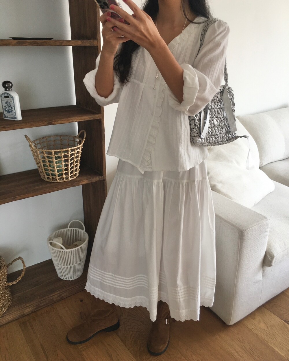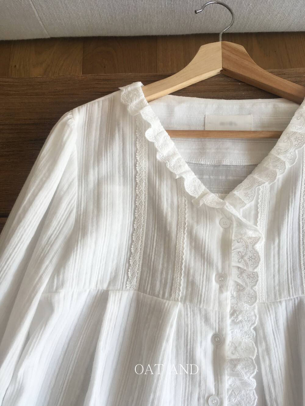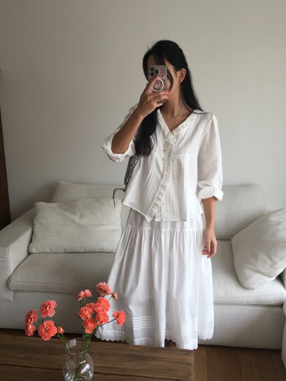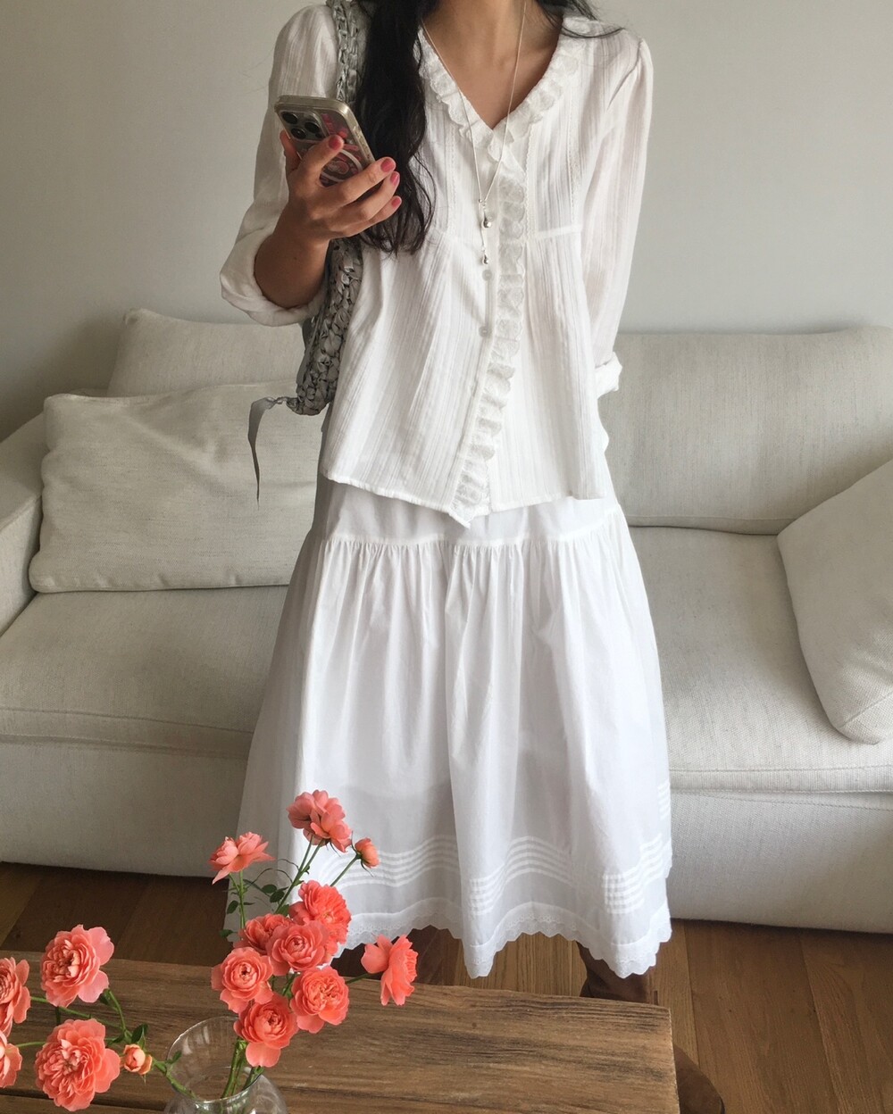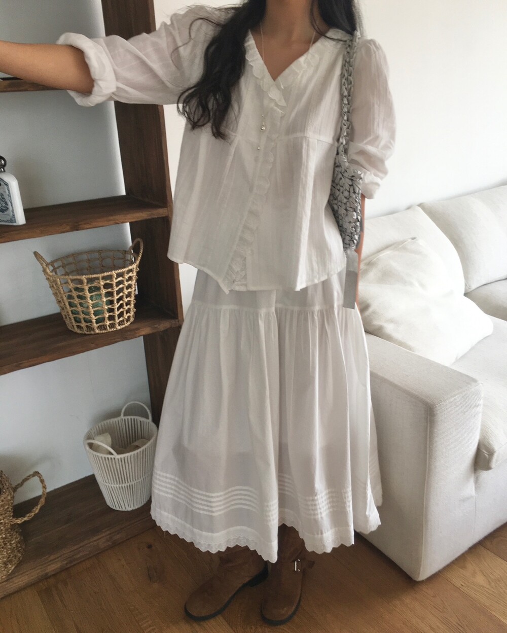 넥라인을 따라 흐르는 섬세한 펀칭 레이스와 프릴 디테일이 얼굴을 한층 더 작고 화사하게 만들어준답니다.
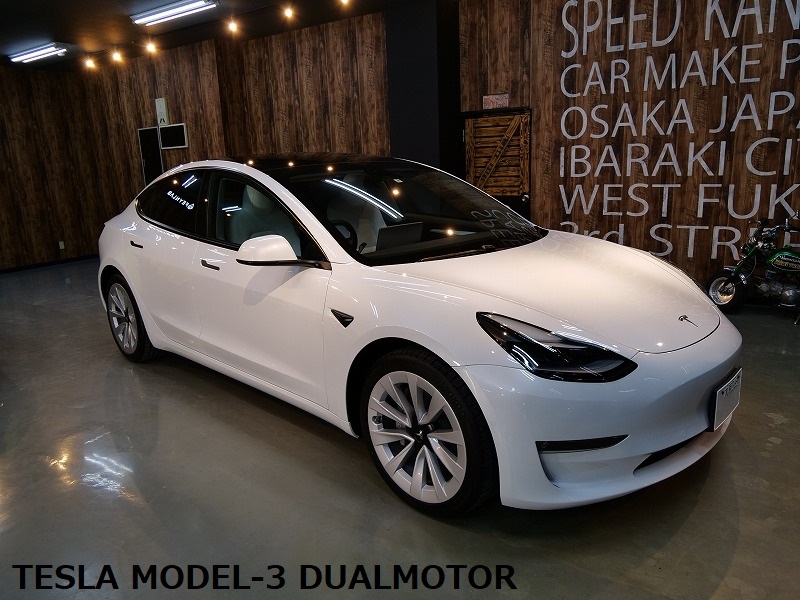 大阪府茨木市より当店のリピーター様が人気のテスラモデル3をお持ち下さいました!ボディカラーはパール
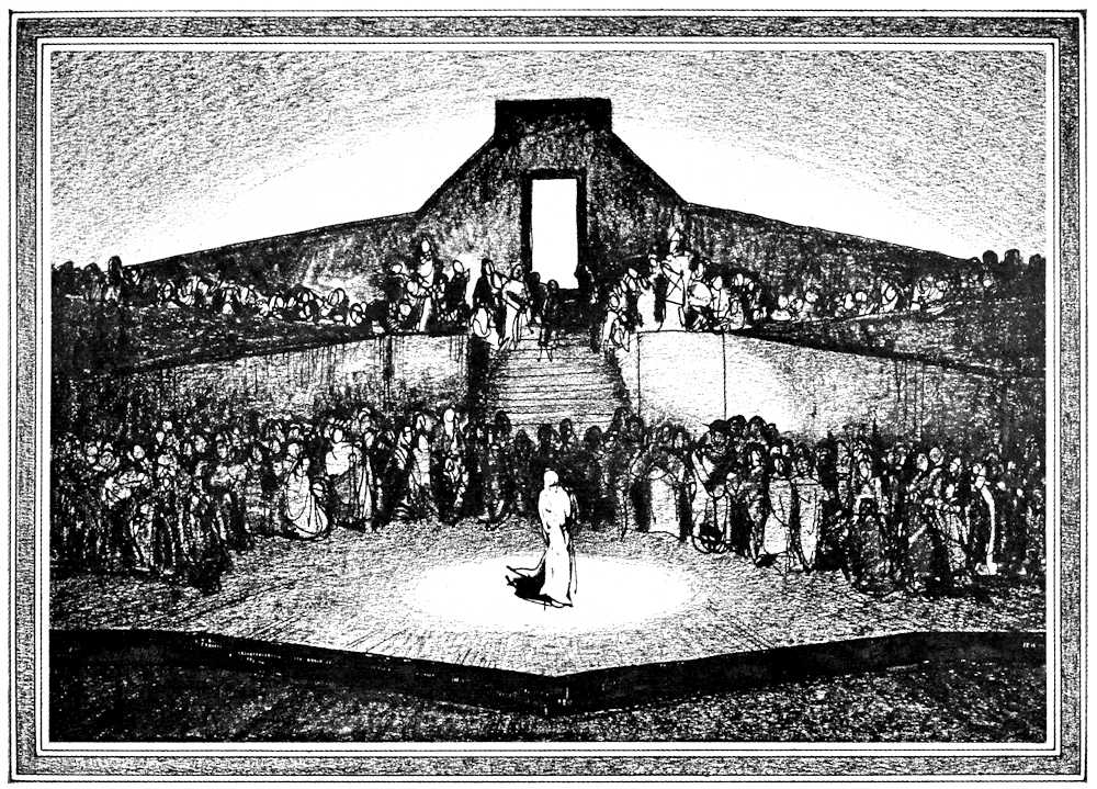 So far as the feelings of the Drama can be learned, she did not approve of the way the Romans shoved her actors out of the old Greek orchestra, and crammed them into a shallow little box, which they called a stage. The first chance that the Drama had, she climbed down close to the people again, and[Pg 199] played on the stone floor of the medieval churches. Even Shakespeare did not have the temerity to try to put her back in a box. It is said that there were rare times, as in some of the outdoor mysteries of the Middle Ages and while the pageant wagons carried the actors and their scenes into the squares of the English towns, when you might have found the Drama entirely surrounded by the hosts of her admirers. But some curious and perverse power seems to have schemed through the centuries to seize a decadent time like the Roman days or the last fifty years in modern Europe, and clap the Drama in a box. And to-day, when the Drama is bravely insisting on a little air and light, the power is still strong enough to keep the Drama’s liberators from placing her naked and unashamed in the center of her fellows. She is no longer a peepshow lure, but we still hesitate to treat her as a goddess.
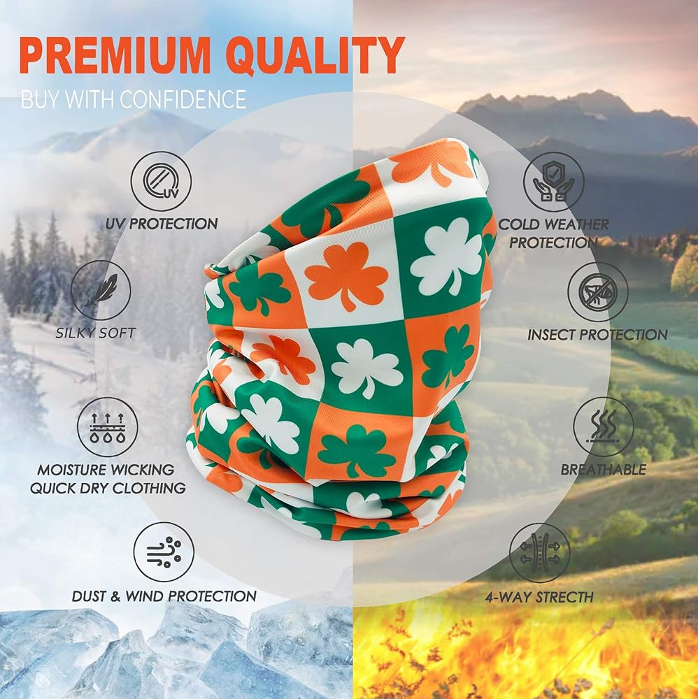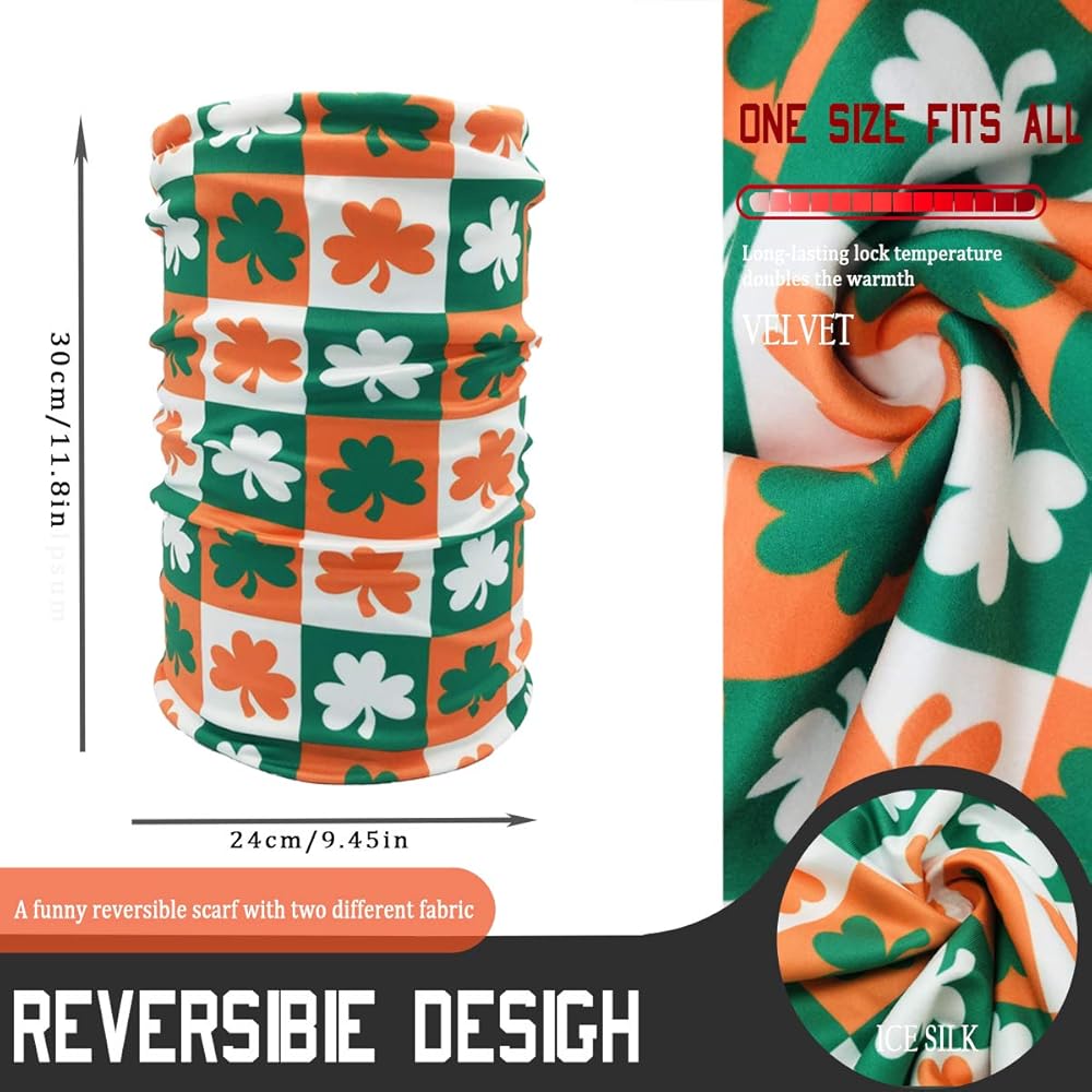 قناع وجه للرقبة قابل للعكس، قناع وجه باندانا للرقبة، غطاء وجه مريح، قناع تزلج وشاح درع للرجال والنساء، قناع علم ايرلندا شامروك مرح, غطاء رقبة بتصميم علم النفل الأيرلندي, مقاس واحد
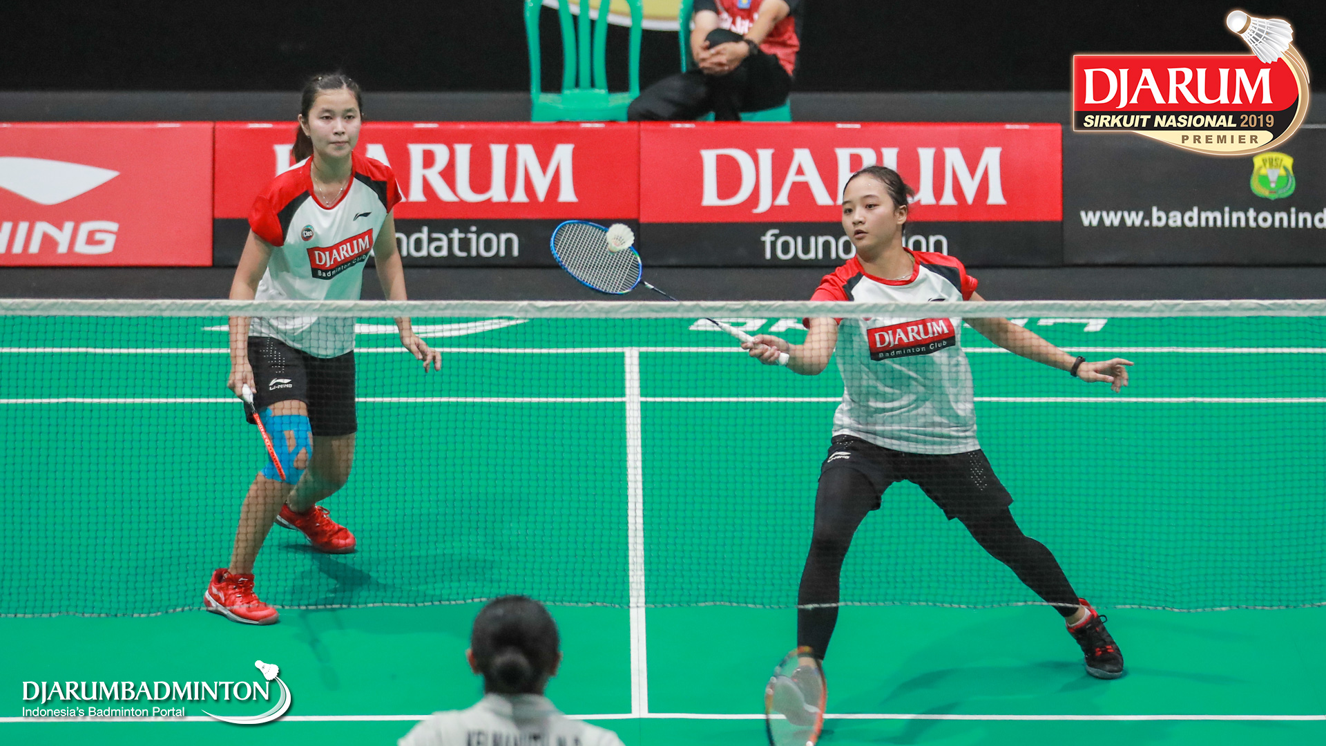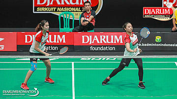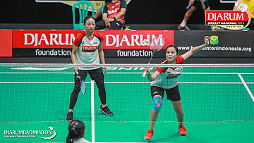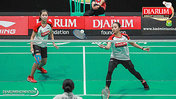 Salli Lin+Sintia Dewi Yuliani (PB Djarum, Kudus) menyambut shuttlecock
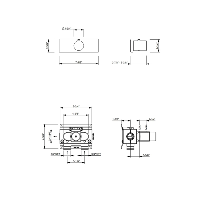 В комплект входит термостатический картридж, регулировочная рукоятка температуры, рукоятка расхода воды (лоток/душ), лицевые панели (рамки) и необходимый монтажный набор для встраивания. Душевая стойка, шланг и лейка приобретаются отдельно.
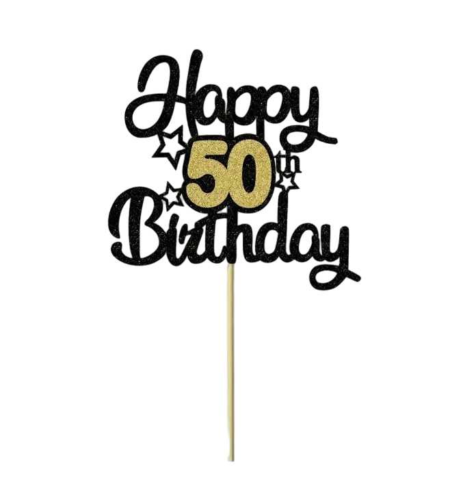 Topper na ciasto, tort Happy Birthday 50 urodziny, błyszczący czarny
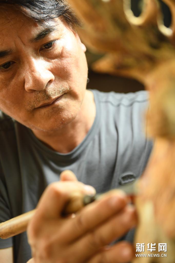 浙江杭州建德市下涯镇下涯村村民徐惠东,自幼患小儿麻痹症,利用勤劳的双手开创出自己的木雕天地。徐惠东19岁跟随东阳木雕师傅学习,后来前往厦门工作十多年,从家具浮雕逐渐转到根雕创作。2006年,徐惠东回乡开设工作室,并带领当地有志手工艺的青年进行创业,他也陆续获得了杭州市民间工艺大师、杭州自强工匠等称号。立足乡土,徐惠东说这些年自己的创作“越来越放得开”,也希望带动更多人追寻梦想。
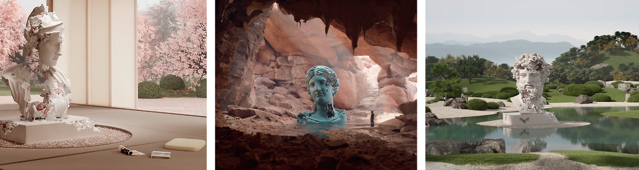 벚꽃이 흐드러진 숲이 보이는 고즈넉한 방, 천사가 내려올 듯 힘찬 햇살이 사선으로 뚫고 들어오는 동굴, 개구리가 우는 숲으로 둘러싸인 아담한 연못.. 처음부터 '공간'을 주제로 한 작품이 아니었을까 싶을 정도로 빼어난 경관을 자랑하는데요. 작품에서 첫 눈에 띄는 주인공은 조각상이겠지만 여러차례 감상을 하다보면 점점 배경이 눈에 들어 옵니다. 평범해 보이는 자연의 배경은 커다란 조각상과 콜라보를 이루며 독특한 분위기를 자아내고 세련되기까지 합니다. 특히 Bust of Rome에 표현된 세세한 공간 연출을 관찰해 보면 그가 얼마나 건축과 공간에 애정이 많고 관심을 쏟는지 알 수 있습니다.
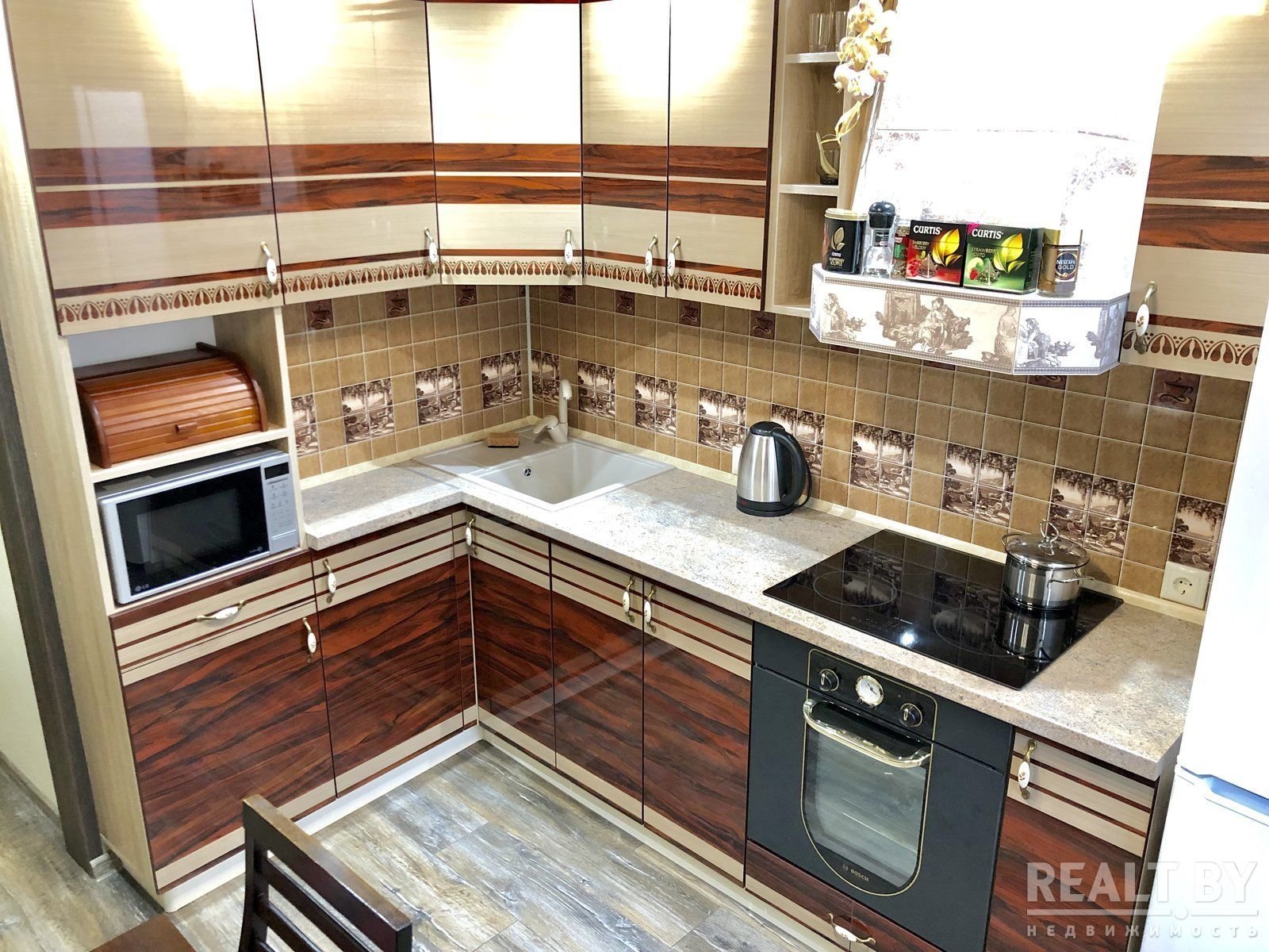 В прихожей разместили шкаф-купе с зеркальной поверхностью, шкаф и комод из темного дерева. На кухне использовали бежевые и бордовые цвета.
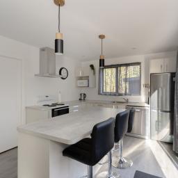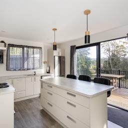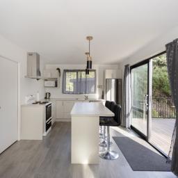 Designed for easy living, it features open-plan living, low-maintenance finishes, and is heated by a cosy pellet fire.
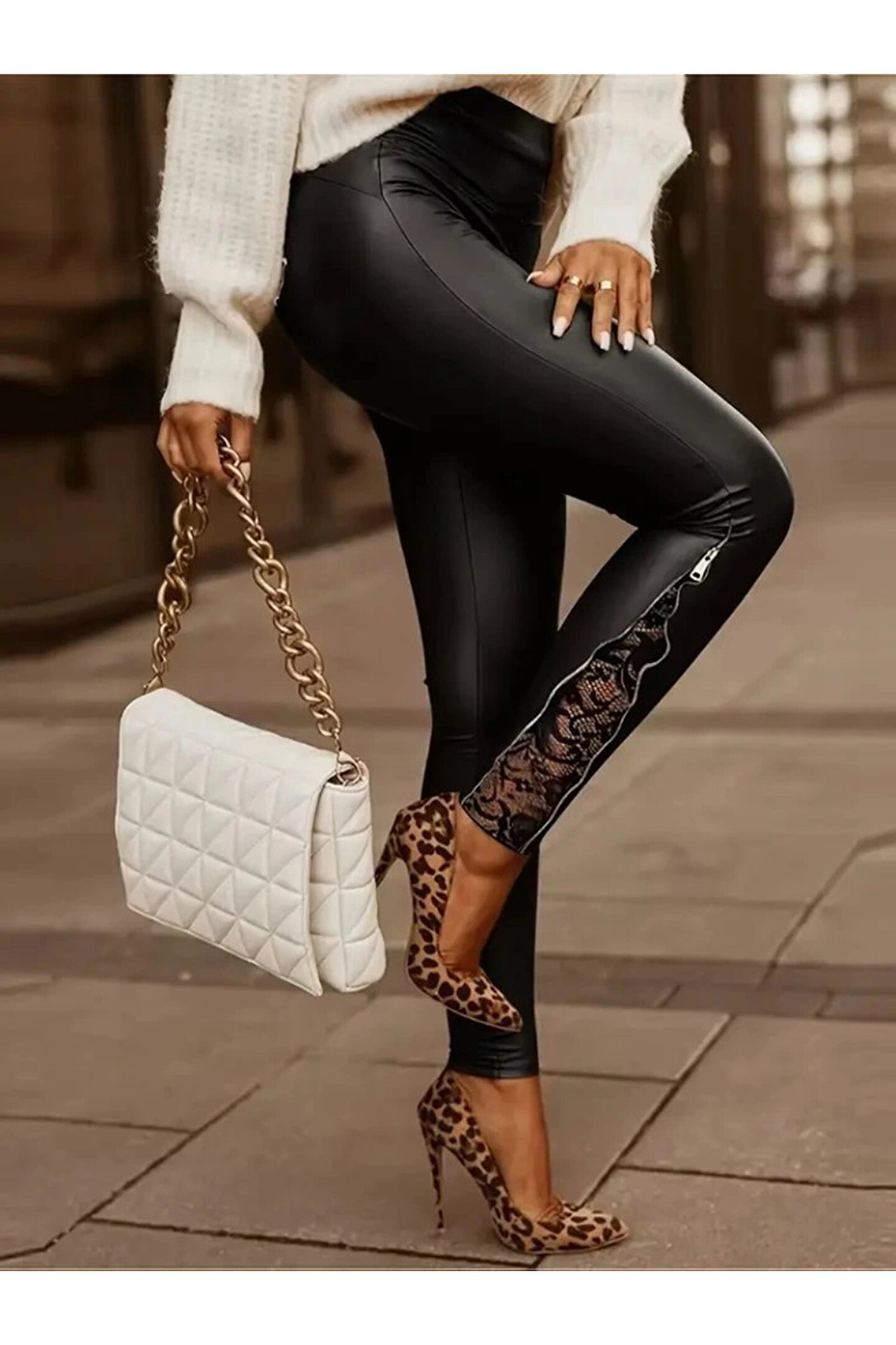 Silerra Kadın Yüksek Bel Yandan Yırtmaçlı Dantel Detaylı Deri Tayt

++++++++++

Task description:
What is wanted is an exact copy of the lines above from the one containing "Topper na ciasto, tort" through the one containing "浙江杭州建德市下涯镇下涯村村", with no pictures in it.

Answer below:
 Topper na ciasto, tort Happy Birthday 50 urodziny, błyszczący czarny
 浙江杭州建德市下涯镇下涯村村民徐惠东,自幼患小儿麻痹症,利用勤劳的双手开创出自己的木雕天地。徐惠东19岁跟随东阳木雕师傅学习,后来前往厦门工作十多年,从家具浮雕逐渐转到根雕创作。2006年,徐惠东回乡开设工作室,并带领当地有志手工艺的青年进行创业,他也陆续获得了杭州市民间工艺大师、杭州自强工匠等称号。立足乡土,徐惠东说这些年自己的创作“越来越放得开”,也希望带动更多人追寻梦想。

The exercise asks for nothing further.